* GOAL OF THE EXERCISE:
Reproduce the listing below word for word, with no pictures.

* AVAILABLE DATA:
++++++++

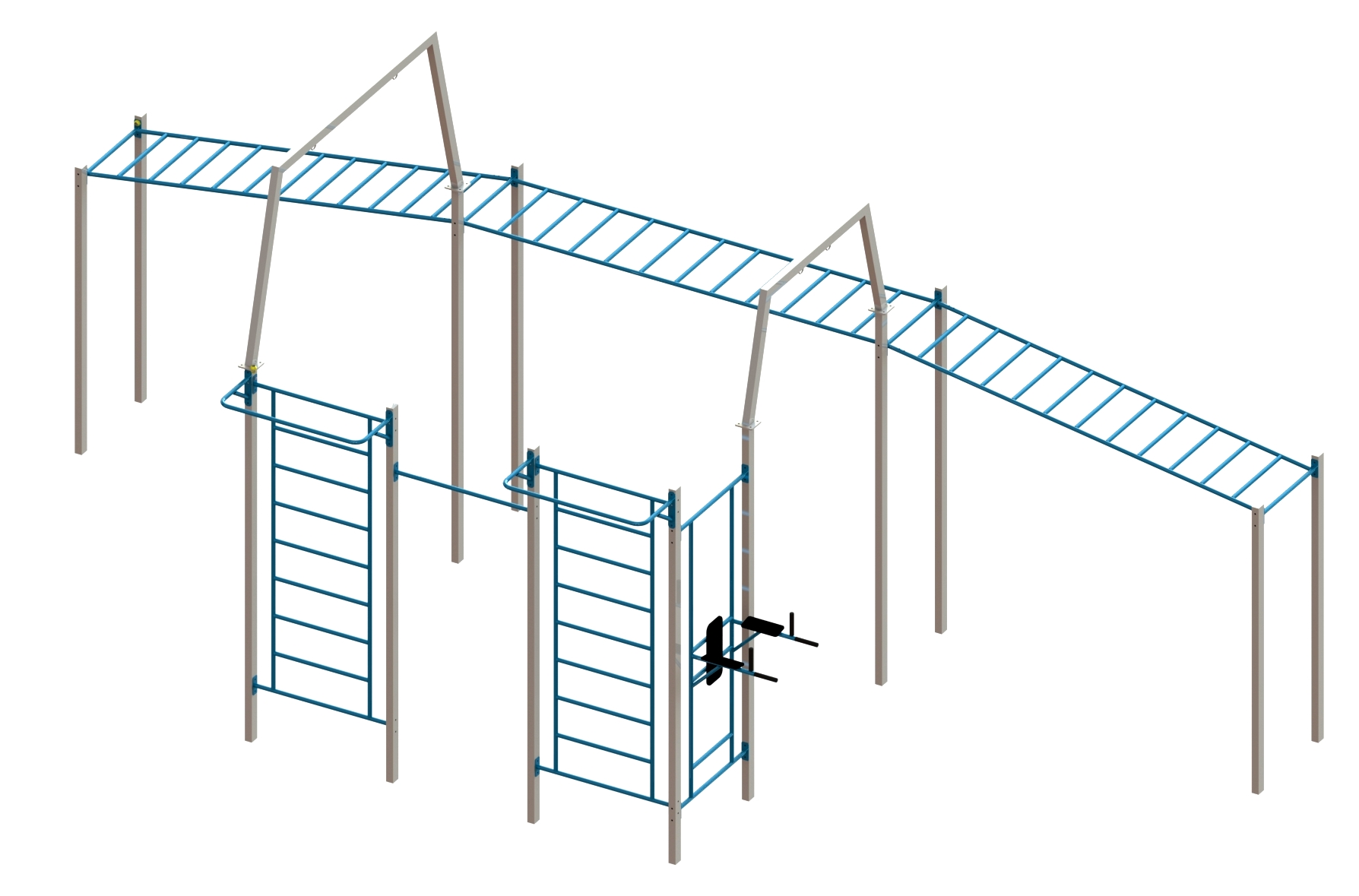 В комплексу входять: турнік, рукоход, дві шведські стінки, упор для преса з упором на руки, бруси, дві стійки з підвісом для двох боксерських мішків і двох канатів.
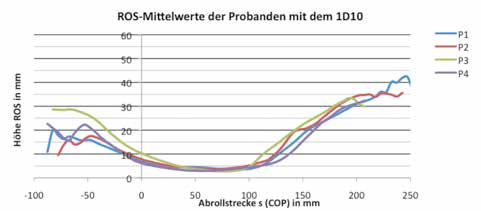 Bei der qualitativen Betrachtung der mittleren ROS-Verläufe des 1D10 (Abb. 7) zeigten sich deutliche interindividuelle Unterschiede in der Belastungsübernahme und zu Beginn der mittleren Standphase, die sich ab der Hälfte der Standphase wieder anglichen. Diese Abweichungen traten auch intraindividuell auf und zeigten hohe Standardabweichungen von bis zu 8,5 mm in der ersten Phase der Standphase. Die Fersenmaterialien des 1D10 wurden bis zu 13 mm unterschiedlich stark verformt. Die Angleichung der Verformungsunterschiede fand in der Mitte der mittleren Standphase statt. Die Abrolllängen über den Vorfußbereich bis zum Fersenauftritt der kontralateralen Beinseite waren zwischen den Probanden unterschiedlich: Proband 1 beendete den Abrollvorgang nach 143 mm Abrollstrecke, Proband 2 nach 138 mm, Proband 3 nach 133 mm; Proband 4 rollte mit einer Abrolllänge von 148 mm am weitesten über den Vorfuß ab. In der bipedalen Standphase stiegen die Standardabweichungen der Probanden 1 und 2 auf maximal 4,5 mm.
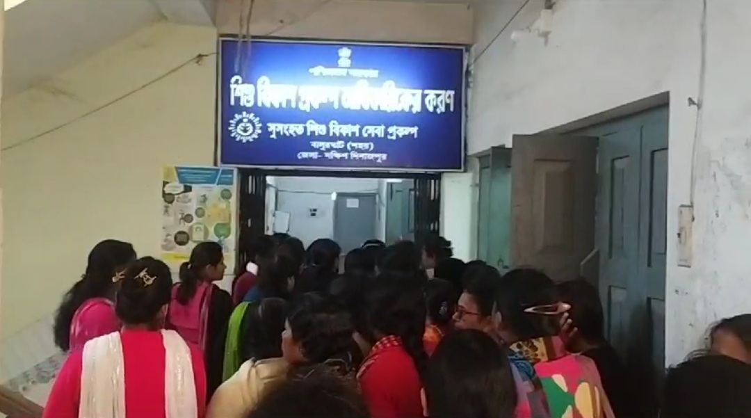 মূল্যবৃদ্ধি এবং বর্ধিত ডিমের মূল্য প্রদানের দাবিতে বিক্ষোভ অঙ্গনওয়াড়ি কর্মীদের।
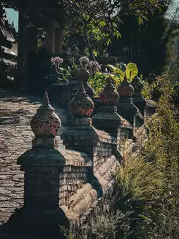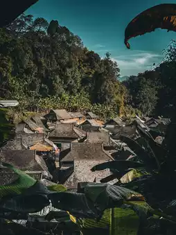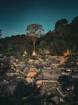 -Viewpoint next to the Buddhist temple: Golden light bathes the entire ancient village at sunset.

++++++++

* ANSWER TO THIS PROBLEM:
 В комплексу входять: турнік, рукоход, дві шведські стінки, упор для преса з упором на руки, бруси, дві стійки з підвісом для двох боксерських мішків і двох канатів.
 Bei der qualitativen Betrachtung der mittleren ROS-Verläufe des 1D10 (Abb. 7) zeigten sich deutliche interindividuelle Unterschiede in der Belastungsübernahme und zu Beginn der mittleren Standphase, die sich ab der Hälfte der Standphase wieder anglichen. Diese Abweichungen traten auch intraindividuell auf und zeigten hohe Standardabweichungen von bis zu 8,5 mm in der ersten Phase der Standphase. Die Fersenmaterialien des 1D10 wurden bis zu 13 mm unterschiedlich stark verformt. Die Angleichung der Verformungsunterschiede fand in der Mitte der mittleren Standphase statt. Die Abrolllängen über den Vorfußbereich bis zum Fersenauftritt der kontralateralen Beinseite waren zwischen den Probanden unterschiedlich: Proband 1 beendete den Abrollvorgang nach 143 mm Abrollstrecke, Proband 2 nach 138 mm, Proband 3 nach 133 mm; Proband 4 rollte mit einer Abrolllänge von 148 mm am weitesten über den Vorfuß ab. In der bipedalen Standphase stiegen die Standardabweichungen der Probanden 1 und 2 auf maximal 4,5 mm.
 মূল্যবৃদ্ধি এবং বর্ধিত ডিমের মূল্য প্রদানের দাবিতে বিক্ষোভ অঙ্গনওয়াড়ি কর্মীদের।
 -Viewpoint next to the Buddhist temple: Golden light bathes the entire ancient village at sunset.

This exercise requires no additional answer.